The **mempearson** calculator returns a membership based Pearson correlation coefficient index describing the assocation between two communities. This calculator can be used in the summary.shared and collect.shared commands.

<math>R_{Pearson} = 1-\frac{

\sum_{j=1}^{S_T} \left ( S_{Aj} - \left( \frac{S_{A}}{S_T}\right) \right ) \left ( S_{Bj} - \left( \frac{S_{B}}{S_T}\right) \right ) }

{ \sqrt{\sum_{j=1}^{S_T} \left ( S_{Aj} - \left( \frac{S_{A}}{S_T}\right) \right )^2} \sqrt { \sum_{j=1}^{S_T} \left ( S_{Bj} - \left( \frac{S_{B}}{S_T}\right) \right )^2} }</math>

- where <math>S_{A}</math> is the number of nonzero OTUs in sample A.
- where <math>S_{B}</math> is the number of nonzero OTUs in sample B.
- where <math>S_{Aj}</math> is 1 if the abundance of the jth OTU in sample A is greater than zero, otherwise 0.
- where <math>S_{Bj}</math> is 1 if the abundance of the jth OTU in sample B is greater than zero, otherwise 0.
- where <math>S_T</math> is the total number of OTUs.

Open the file 98_lt_phylip_amazon.fn.sabund generated using the Amazonian dataset with the following commands:

mothur > read.dist(phylip=98_lt_phylip_amazon.dist, cutoff=0.10) mothur > cluster() mothur > read.otu(list=98_lt_phylip_amazon.fn.list, group=amazon.groups, label=0.10)

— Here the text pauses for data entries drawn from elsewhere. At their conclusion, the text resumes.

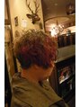 約一年間ホームケア商品を使用していただき、髪の状態がかなり回復しやっとパーマをかけられる状態になったので、かけました♪リッジも綺麗に出ました。フロントはピンク、バックはグリーンのマニキュアをしています。パーマは細かめのロットでランダムに♪
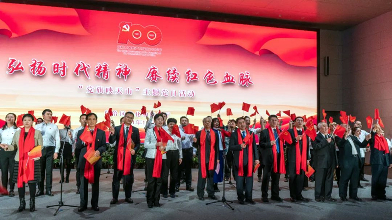 此外,自治區文化和旅遊廳組織全系統200多名老中青三代黨員齊聚一堂,開展了「黨旗映天山」主題黨日活動,以「政治生日」、話初心、新黨員入黨宣誓、詩歌朗誦等豐富多彩的形式,引導廣大黨員幹部深刻感悟紅色初心,汲取奮進力量,在努力奔向第二個百年宏偉目標的新征程上,展現新疆文旅人的新擔當、新氣象、新作為。
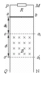 (16分)如图竖直放置的光滑平行金属导轨MN、PQ相距L,在M点和P点间接一个阻值为R的电阻,在两导轨间 OO1O1′O′ 矩形区域内有垂直导轨平面向里、宽为d的匀强磁场,磁感应强度为B.一质量为m,电阻为r的导体棒ab垂直搁在导轨上,与磁场上边边界相距d0.现使ab棒由静止开始释放,棒ab在离开磁场前已经做匀速直线运动(棒ab与导轨始终保持良好的电接触且下落过程中始终保持水平,导轨电阻不计).求:
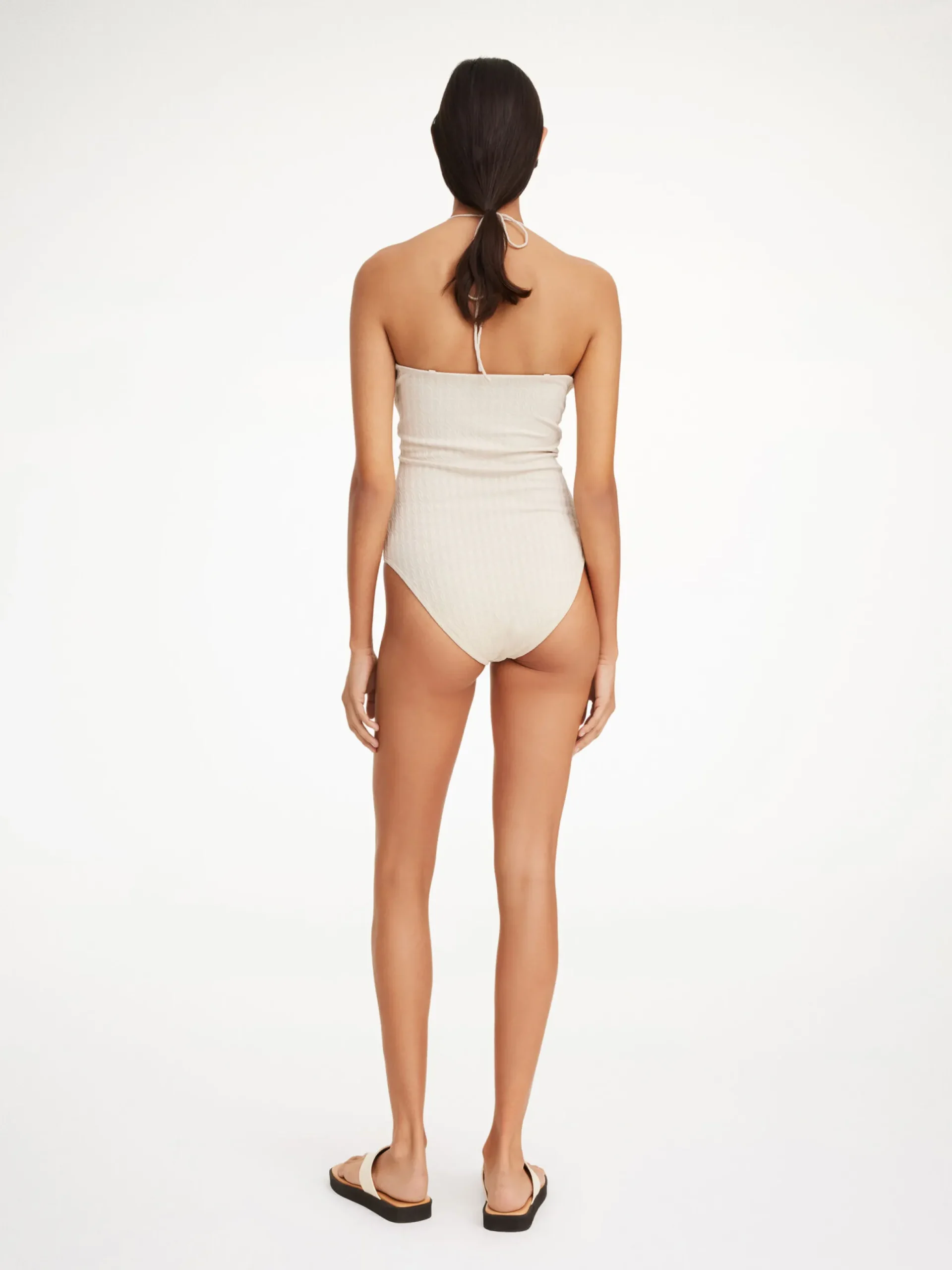 The Giabra swimsuit is an essential for any warm-weather edit. Decorated with our monogram, the one-piece design has an adjustable strap and a tight fit that ensure comfortable wearing. Transform from beach to the after-hours by pairing with jeans

The 98_lt_phylip_amazon.fn.shared file will contain the following two lines:

0.10 forest 55 1 1 1 1 1 1 3 3 2 2 1 1 3 2 1 1 1 1 2 1 1 2 5 1 1 1 1 2 1 1 1 1 1 0 0 0 0 0 0 0 0 0 0 0 0 0 0 0 0 0 0 0 0 0 0 0.10 pasture 55 0 0 0 1 1 0 1 0 0 5 0 0 0 0 0 2 0 0 0 3 0 0 2 1 0 1 0 0 0 0 0 0 1 2 1 1 1 1 1 7 1 1 2 1 1 1 1 1 1 1 1 1 2 1 1

This indicates that the label for the OTU definition was 0.10. The first line is from the forest sample and the second is from the pasture sample. There are a total of 55 OTUs between the two communities. Writing the data in a more presentable manner we see:

index | forest | pasture | shared |
---|---|---|---|

1 | 1 | 0 | |

2 | 1 | 0 | |

3 | 1 | 0 | |

4 | 1 | 1 | X |

5 | 1 | 0 | |

6 | 1 | 0 | |

7 | 3 | 1 | X |

8 | 3 | 0 | |

9 | 2 | 0 | |

10 | 2 | 5 | X |

11 | 1 | 0 | |

12 | 1 | 0 | |

13 | 3 | 0 | |

14 | 2 | 0 | |

15 | 1 | 0 | |

16 | 1 | 3 | X |

17 | 1 | 0 | |

18 | 1 | 0 | |

19 | 2 | 0 | |

20 | 1 | 3 | X |

21 | 1 | 0 | |

22 | 2 | 0 | |

23 | 5 | 2 | X |

24 | 1 | 1 | X |

25 | 1 | 0 | |

26 | 1 | 1 | X |

27 | 1 | 0 | |

28 | 2 | 0 | |

29 | 1 | 0 | |

30 | 1 | 0 | |

31 | 1 | 0 | |

32 | 1 | 0 | |

33 | 1 | 1 | X |

34 | 0 | 2 | |

35 | 0 | 1 | |

36 | 0 | 1 | |

37 | 0 | 1 | |

38 | 0 | 1 | |

39 | 0 | 1 | |

40 | 0 | 7 | |

41 | 0 | 1 | |

42 | 0 | 1 | |

43 | 0 | 2 | |

44 | 0 | 1 | |

45 | 0 | 1 | |

46 | 0 | 1 | |

47 | 0 | 1 | |

48 | 0 | 1 | |

49 | 0 | 1 | |

50 | 0 | 1 | |

51 | 0 | 1 | |

52 | 0 | 1 | |

53 | 0 | 2 | |

54 | 0 | 1 | |

55 | 0 | 1 | |

Total | 33 | 31 | 9 |

Using these sums to evaluate *R* we get:

<math>R=-0.718</math>

Running...

mothur > summary.shared(calc=mempearson)

...and opening 98_lt_phylip_amazon.fn.shared.summary gives:

label comparison mempearson 0.10 forest pasture -0.718421

These are the same values that we found above for a cutoff of 0.10.